What You Need to Know Before You Apply

What is the purpose of this trial?

This trial explores the safety and tolerability of a new treatment combination for individuals with advanced head and neck cancer. The treatment combines cemiplimab, a drug used for certain skin and lung cancers, with the chemotherapy drugs cisplatin and docetaxel. Participants will be divided into two groups to test different dosing schedules. Suitable candidates have locally advanced squamous cell carcinoma of the head and neck that has not been treated with chemotherapy or radiation. As a Phase 1 trial, the research focuses on understanding how the treatment works in people, offering participants the opportunity to be among the first to receive this new combination therapy.

Will I have to stop taking my current medications?

The trial does not specify if you need to stop taking your current medications, but it does exclude those using certain medications like strong or moderate CYP3A4 or CYP1A2 inhibitors/inducers within 14 days before starting the trial. It's best to discuss your specific medications with the trial team.

Is there any evidence suggesting that this trial's treatments are likely to be safe?

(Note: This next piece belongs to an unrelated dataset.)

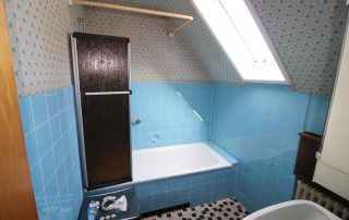 - Tageslicht Bad im OG mit Badewanne & Waschtisch, halbhoch gefliest

Research has shown that cemiplimab, when combined with cisplatin and docetaxel, is safe and generally easy for patients to handle. Earlier studies found this combination did not cause unexpected side effects and remained manageable for patients. Cemiplimab alone has also been well-tolerated by older patients with other health conditions.

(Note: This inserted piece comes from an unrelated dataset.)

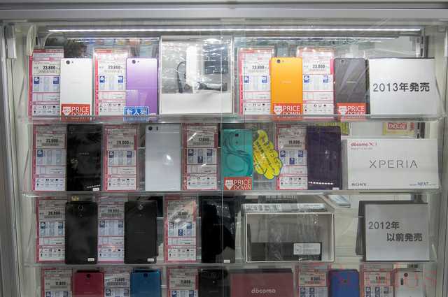 另外我们再来看看外国游客的购买力,据说很多外国游客很喜欢在二手店里买些1万日元左右(约557元)的iPhone5或iPhone 4s回国,这两款机型也是这家二手店中出货量最高的。毕竟价格便宜、各种功能都有,性价比还是挺高的。因为涉谷一代外国游客很多,所以这家二手店中会有日语、英语、中文这三个语种的店员常驻。不过对于我来说,比起便宜的iPhone,我还是更想要上面图正中间那个绿色的初音版索尼Xperia A,毕竟这款限量39000台的手机原价可要8万多日元(约4600多元),而且还是在国内没有上市的版本。

The FDA has approved cemiplimab for treating certain skin and lung cancers, indicating its safety for those conditions. However, it is not yet approved for head and neck cancer. In the current study, researchers are specifically examining its safety for head and neck cancer, and existing evidence suggests it is likely to be well-tolerated.12345

Why are researchers excited about this trial's treatments?

Unlike the standard treatments for head and neck cancer, which typically involve surgery, radiation, and standard chemotherapies, the combination of Cemiplimab with chemotherapy introduces a novel approach. Cemiplimab is an immunotherapy drug that works by boosting the body's immune system to better attack cancer cells. Researchers are excited because this combination could offer a more effective treatment by potentially enhancing the immune response while simultaneously targeting cancer cells with chemotherapy. This synergy may lead to better outcomes and improved survival rates for patients compared to traditional treatments alone.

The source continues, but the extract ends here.